Partners in Learning
Learning to Lead Change: Building System Capacity

Leadership for Change Library

The Learning Leader
Douglas Reeves
Alexandria, VA: Association for Supervision and Curriculum Development, 2006
221 pages

Based on Reeves extensive applied, practical research around the world and his detailed work in North America, this book brings together Reeves ideas on leadership including reporting on a new study involving 300,000 students in 290 schools.

The book focuses on Reeves leadership learning framework which cross-connects antecedents of excellence with achievement of results coming up with four categories of schools: Lucky (high results, low understanding of antecedents), Losing (low results, low understanding), Learning (low results, understanding of antecedents), and Leading (high results, high understanding).

Based on his own empirical research, Reeves shows that the larger the planning document, the less the quality and quantity of action. Yes, the size of the school improvement or district plan is inversely correlated with the quality of implementation. What works, Reeves says, is schools that are strong on: inquiry, implementation, monitoring — and leadership that fosters the same.

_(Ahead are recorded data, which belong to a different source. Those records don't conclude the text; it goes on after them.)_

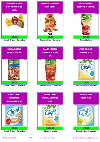 Distribuidora P.R.O. 137 Tel.: 0351-458-8927 E-Mail: distribuidorapro@hotmail.com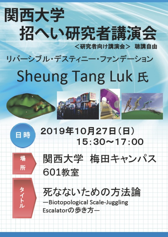 Open lecture by Sheung Tang Luk, Projects manager, Reversible Destiny Foundation, who’s currently in Japan as a visiting scholar at Kansai University. Title: How to walk the Biotopological Scale-Juggling Escalator Date: Sunday, October 27 Time: 15:30-17:00 Venue: Kansai University (Umeda campus #601) Admission: free Language: English *with Japanese interpretation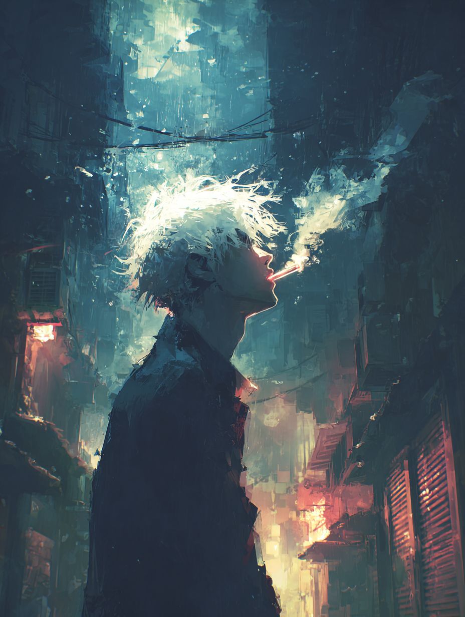 은백색 머리의 젊은 남성이 조용한 골목의 벽에 기대어 담배를 피우고 카메라를 바라보며 외로운 분위기를 자아낸다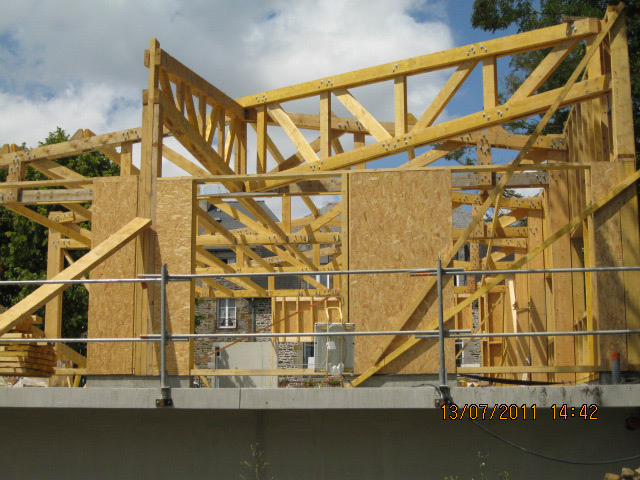 Projet : Construction de 20 logements à St Georges du Bois. Desciption des techniques : Charpente traditionnelle bois + fermettes.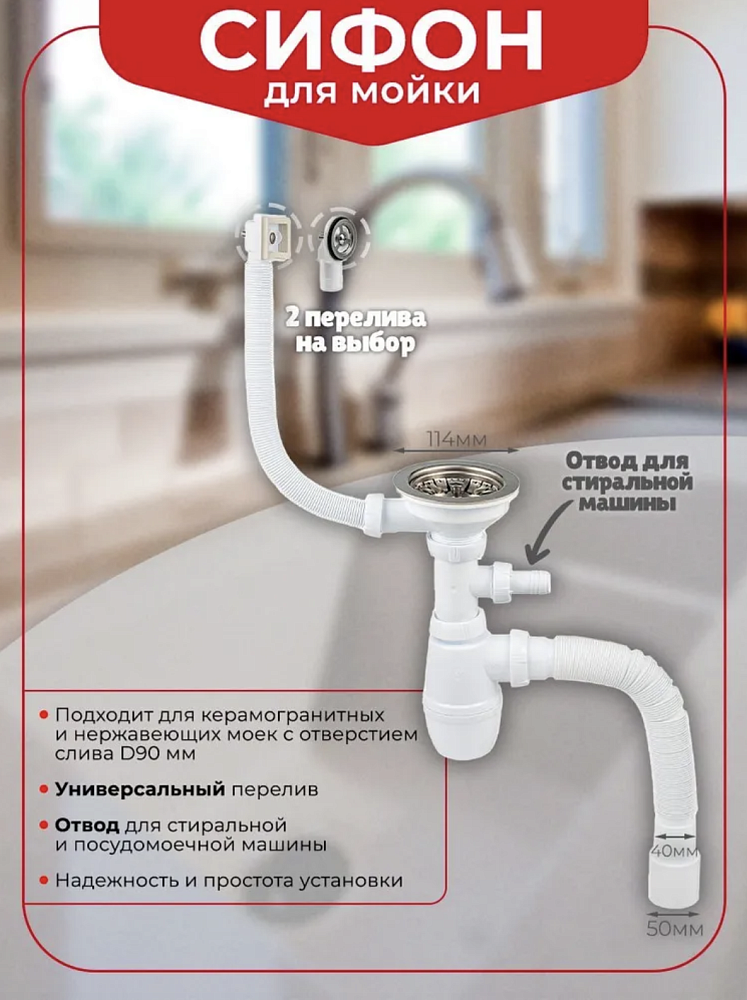 Отзывы о Сифон для мойки Wirquin Минор 30987144 40 мм, бутылочный, хром, с отводом для подключения бытовой техники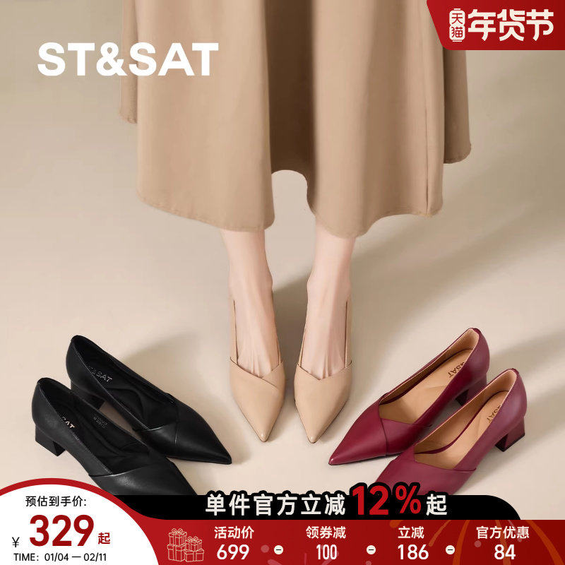 星期六复古尖头高跟浅口单鞋女秋季新款不累脚粗跟工作通勤小皮鞋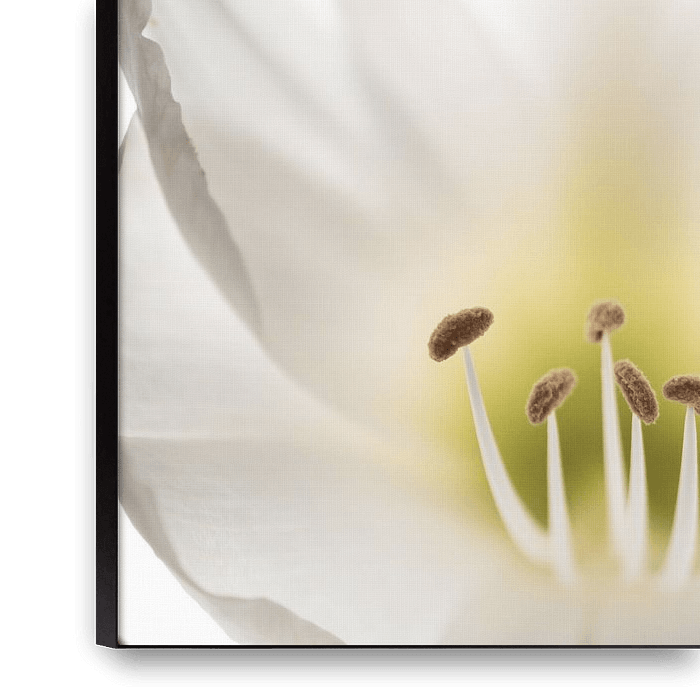 Ein stilvolles, ruhiges Bild einer schönen Amaryllus. Diese weiße Blume mit ruhigen Farbtönen sorgt für ein nicht zu präsentes Bild an der Wand.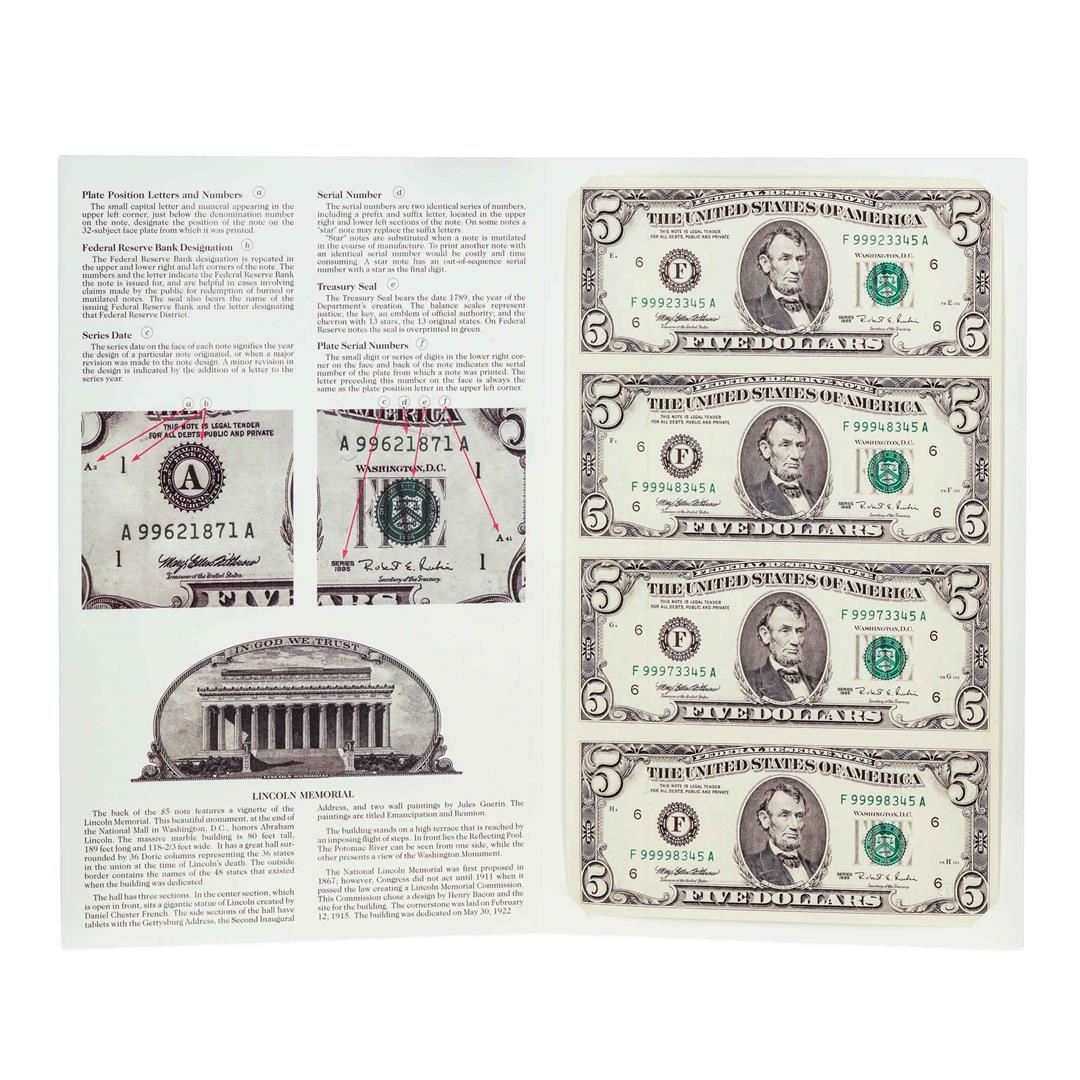 One Uncut Sheet of (4) 1995 $5 Federal Reserve Notes.

Reeves also identifies and dispels five myths that interfere with action for improvement:

Myth #1: People are happy doing what they are doing now. Teachers in unsuccessful schools would rather continue to be unsuccessful than engage in alternative practices that might lead to student success.
Myth #2: People resist change because of irrational fear.
Myth #3: You can't make significant changes until you get buy-in from everybody.
Myth #4: You must have perfect research to support a proposed change.
Myth #5: The risk of change is so great that you must wait until you have things perfectly organized before implementing change efforts.

Reeves then proposes using the leadership framework to focus on what matters by identifying and monitoring achievement results and linking them to specific antecedents that cause improvement. Leaders need to hone their ideas, skills and actions for helping the school make these causal connections.

Reeves advocates more focused action-oriented work on inquiry, implementation, monitoring, and more action. His goal is to help leaders and the system move from "islands of excellence to systemic impact."

Why We Like This Book
Reeves is tough on and irreverent when it comes to superficial strategies that look good on paper but are devoid of substance. We love his no-nonsense dismissal of documentarianism — change by paper plans — in favor of real change which is messy but doable. Action oriented leadership follows practices of reviewing data, making midcourse corrections and focusing on decision-making on the greatest points of leverage. He embarrasses us into action and then helps with powerful concepts, actions and specific ideas for causing positive change. This book is great because it combines specific research and data with big concepts and ideas. It spurs action and puts it in the perspective of both the small and the big picture.